Top of Records provided
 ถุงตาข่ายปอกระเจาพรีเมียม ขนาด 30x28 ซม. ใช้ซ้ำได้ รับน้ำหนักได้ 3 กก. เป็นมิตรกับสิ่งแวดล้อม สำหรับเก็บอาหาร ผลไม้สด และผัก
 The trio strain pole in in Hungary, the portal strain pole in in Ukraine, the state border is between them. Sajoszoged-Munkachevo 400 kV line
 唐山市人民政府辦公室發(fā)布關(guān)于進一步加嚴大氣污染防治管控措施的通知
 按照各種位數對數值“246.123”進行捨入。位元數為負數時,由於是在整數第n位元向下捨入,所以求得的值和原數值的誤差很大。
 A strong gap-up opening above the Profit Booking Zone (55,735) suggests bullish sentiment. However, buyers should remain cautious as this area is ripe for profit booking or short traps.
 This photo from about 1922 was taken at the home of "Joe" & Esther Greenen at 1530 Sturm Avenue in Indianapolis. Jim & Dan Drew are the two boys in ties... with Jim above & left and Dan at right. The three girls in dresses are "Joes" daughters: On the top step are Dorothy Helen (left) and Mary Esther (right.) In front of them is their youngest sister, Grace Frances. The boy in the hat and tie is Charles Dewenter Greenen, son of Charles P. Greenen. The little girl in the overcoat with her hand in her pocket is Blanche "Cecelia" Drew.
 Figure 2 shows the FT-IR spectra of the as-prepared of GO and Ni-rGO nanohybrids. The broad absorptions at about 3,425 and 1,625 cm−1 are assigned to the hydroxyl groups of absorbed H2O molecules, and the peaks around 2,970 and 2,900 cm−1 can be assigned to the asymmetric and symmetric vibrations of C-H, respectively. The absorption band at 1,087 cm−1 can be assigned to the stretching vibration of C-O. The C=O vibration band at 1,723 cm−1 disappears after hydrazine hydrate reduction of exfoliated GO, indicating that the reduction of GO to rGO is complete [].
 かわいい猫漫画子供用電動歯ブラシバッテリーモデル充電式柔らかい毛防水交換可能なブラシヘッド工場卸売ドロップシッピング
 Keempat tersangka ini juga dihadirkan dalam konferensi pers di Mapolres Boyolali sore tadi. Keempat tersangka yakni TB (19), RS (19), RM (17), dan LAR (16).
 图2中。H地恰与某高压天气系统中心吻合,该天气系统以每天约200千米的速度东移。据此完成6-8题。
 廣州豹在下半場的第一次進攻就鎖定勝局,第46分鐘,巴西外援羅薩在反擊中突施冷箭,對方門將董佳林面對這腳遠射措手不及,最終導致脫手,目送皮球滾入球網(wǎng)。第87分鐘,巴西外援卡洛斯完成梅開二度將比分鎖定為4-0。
Bottom of Records provided
If the string "above" appears in a line of the entries, report the line.

▸ The completed task:
 A strong gap-up opening above the Profit Booking Zone (55,735) suggests bullish sentiment. However, buyers should remain cautious as this area is ripe for profit booking or short traps.
 This photo from about 1922 was taken at the home of "Joe" & Esther Greenen at 1530 Sturm Avenue in Indianapolis. Jim & Dan Drew are the two boys in ties... with Jim above & left and Dan at right. The three girls in dresses are "Joes" daughters: On the top step are Dorothy Helen (left) and Mary Esther (right.) In front of them is their youngest sister, Grace Frances. The boy in the hat and tie is Charles Dewenter Greenen, son of Charles P. Greenen. The little girl in the overcoat with her hand in her pocket is Blanche "Cecelia" Drew.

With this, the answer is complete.